Una de las primeras mutaciones en aumentar la transmisibilidad se denominó N501Y, a veces conocida como "Nelly", una de las ocho mutaciones que caracterizaron la proteína de pico de la variante Alfa. El nombre técnico de la mutación es relativamente sencillo una vez que se comprende que se refiere a cambios en el genoma del virus, y esto a la estructura de aminoácidos que codifica.
El "501" significa que el cambio está sucediendo en el aminoácido 501 en una cadena de 1273 que comprende el pico. El orden y la composición de estos aminoácidos viene dictado por una secuencia de genoma coincidente, de modo que "501" se refiere tanto a la posición en el genoma como a la posición en la cadena de aminoácidos. "N" es la abreviatura de asparagina, que en N501Y se cambia por "Y", que es tirosina. Dado que los diferentes aminoácidos tienen propiedades químicas ligeramente diferentes, este intercambio tiene un impacto en la estructura de la proteína de pico.
Como resultado, cambia la forma en que se distribuye la carga eléctrica a través de él. Esto altera ligeramente la forma de la proteína, ya que las áreas de carga eléctrica positiva atraen áreas de carga negativa. Gracias a esta dinámica, N501Y permite que una parte crucial del pico gire unos 20 grados, lo que le permite encontrar máyor ajuste con el receptor ACE2. Como consecuencia, se produce una mejor unión, lo que significa que es más probable que cualquier copia de la variante que ingrese al cuerpo encuentre su objetivo y comience a replicarse. Esto aumenta la transmisibilidad.

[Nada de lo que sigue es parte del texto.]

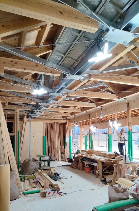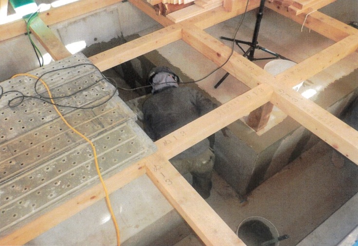 床下の設備や人通ピットの工事なども進み、床板が徐々に張られてきています。

Otras mutaciones realizan un truco similar, liberando diferentes partes del pico de diferentes maneras para que pueda unirse de manera más efectiva a ACE2. la forma en que se distribuye la carga eléctrica a través de él cambia. Esto altera ligeramente la forma de la proteína, ya que las áreas de carga eléctrica positiva atraen áreas de carga negativa. Gracias a esta dinámica, N501Y permite que una parte crucial del pico gire unos 20 grados, lo que le permite encontrar un ajuste más ajustado con el receptor ACE2. Como consecuencia, se produce una mejor unión, lo que significa que es más probable que cualquier copia de la variante que ingrese al cuerpo encuentre su objetivo y comience a replicarse. Esto aumenta la transmisibilidad.
Los cambios en la forma de la espiga no son la única forma de aumentar la transmisibilidad. Delta, la variante que se detectó por primera vez en India y que actualmente se está extendiendo por el mundo, parece ser incluso más transmisible que Alpha y las otras variantes. El motivo no está claro, ya que los estudios estructurales detallados del pico de Delta aún no se han completado.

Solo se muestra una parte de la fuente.